Before I begin, I need to explain that my brain answers itself. While doing so it switches between first and third person pretty much constantly. So...strike one, right? Anyway, I'll do the first 'person' in black and the second in blue. I'll do my commentary about my internal commentary in red. (Strike two...)
Ladies and gentlemen (or, more appropriately for you lot: freaks and slightly less freaky freaks), here's what it's like to live in my brain for a minute or so.
Dude, (Yep, I say dude even in my mind) I know I was supposed to do something today. I wonder what it was. Probably something important for the kids. Fuck Amy, you're a sucky mom. Jesus! I want to listen to some Alice in Chains. Why did that dude have to die anyway? Shit, what was it that I was trying to remember? Seriously I am a terrible mom! BAH! Nickelback! Damn you straight to hell Pandora! What about my station would make you think I want to hear that garbage? I wonder if Scott has been messing with it. I shall kill him. Now seriously, what was I supposed to be doing? Do you remember?
Nope, and I don't care. Can we eat yet? Seriously, there's a big ass carton of ice cream in there that isn't going to eat itself. You haven't washed dishes in like three days though so you're gonna need to find a plastic spoon or something. Maybe your finger. I mean...the boy is two. He isn't gonna tell anyone that you're eating that shit like a pig at a trough. And even if he does just say, "Ha! Kids!" and look at him like he's a lunatic ass motherfucker.
Stop, you're why we're fat. And weird. Help me think. What was it? Something to do with school? SHIT! Was I supposed to volunteer today? No...what was it? Oh cool! The neighbors are getting a pool. Now that hot girl will be out there in her bikini so Scott can stare at her and I can pretend to give a shit even though we both know I don't because I'm staring too. I want a pool. Also a Mercedes. But I'd probably just wreck it. I do that you know.
Yeah, you have lesbian tendencies and suck at driving, blah blah. Who cares? Let's eat. Also, I kinda want to blow off cleaning the house today and play Skyrim. Or maybe argue with some idiots on the internet.
Seriously, this is why people think we're weird.
No, people think you're weird because you won't stop talking. Ever. Like not even for a minute. I can't get a fucking word in edgewise around here most of the time. But again, food. How about we go to Bread Co.? (Panera for those outside of St. Louis. And Tammy.) I want some soup. We can get Starbucks while we're there. You know, they're next door and shit. Maybe that hot Australian dude will be there. Also, it's fucked up that Bread Co. doesn't have baked potato soup on Saturdays anymore. We should write a letter.
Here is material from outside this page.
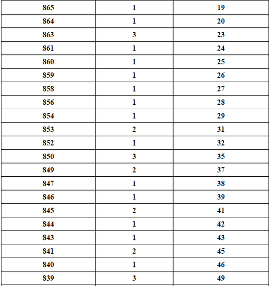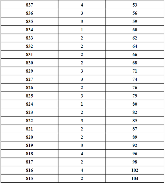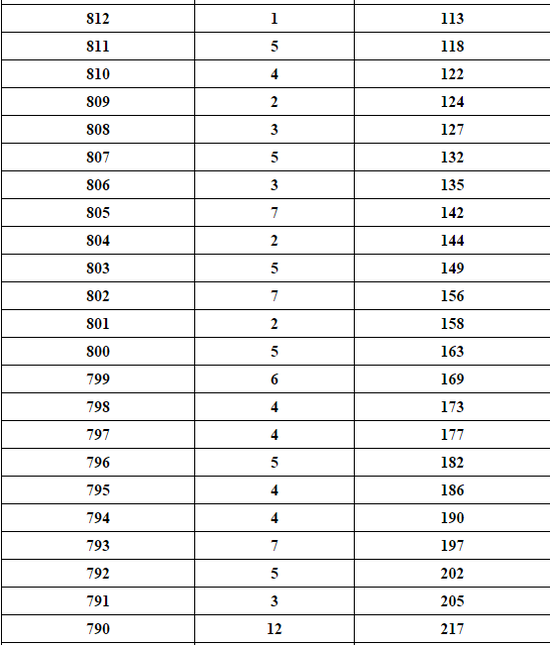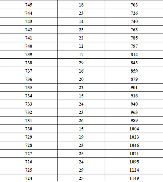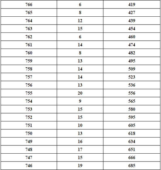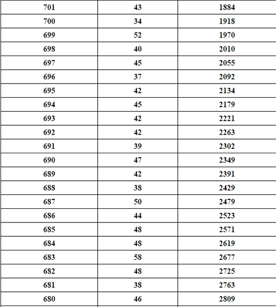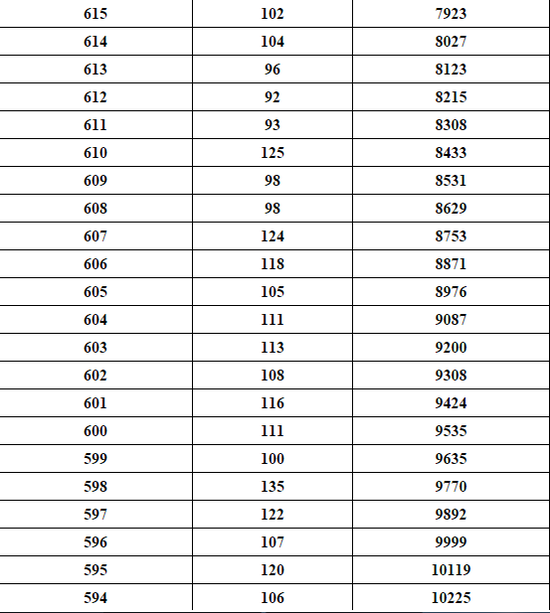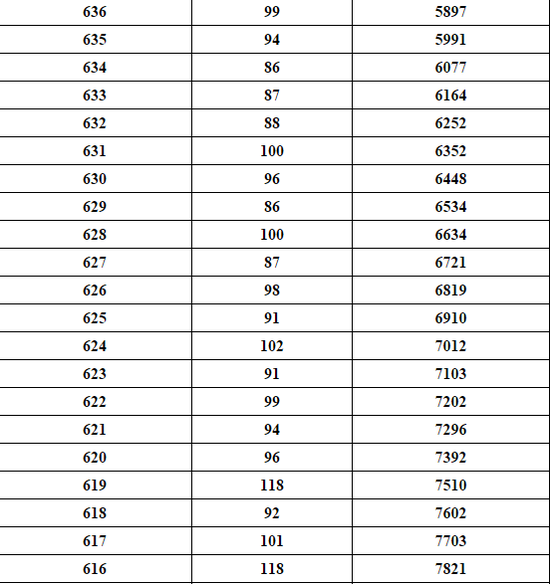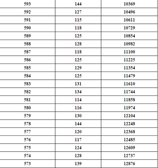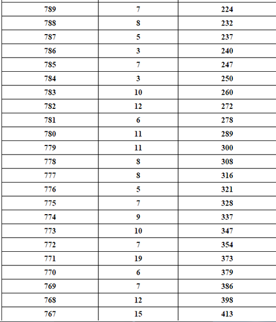 2017年海南普通高考理科類分數段統計表詳細如下:

Yeah, but it seems like a silly thing to worry about when kids are starving and shit. Plus, a letter? What is this, 1996? We'll Facebook those bitches. First World problems are still problems, right? Hey remember that time the lady in the Lexus was behind us at the Starbucks drive thru and asked the barista to walk next door to the Bread Co. and bring it to her car?
Yeah she was a turd. So what's the ETA on some food?
We should eat healthier. Here's a banana.
Dude, remember the time you ate that rancid banana for $30? That was bad ASS. You're AWESOME!
Dude, I AM awesome! And hungry. I think I'm going to eat some Oreos. I wonder if Charlie's hungry.
Don't tell him about the cookies! If you do that, you'll have to share and there's only like eight Oreos left!
I'll give him the banana. Then I get to eat all of the Oreos AND feel like a good mom because the kid is getting vitamins and shit. Self five!
So? Crazy or no? My brain and I are on pins and needles!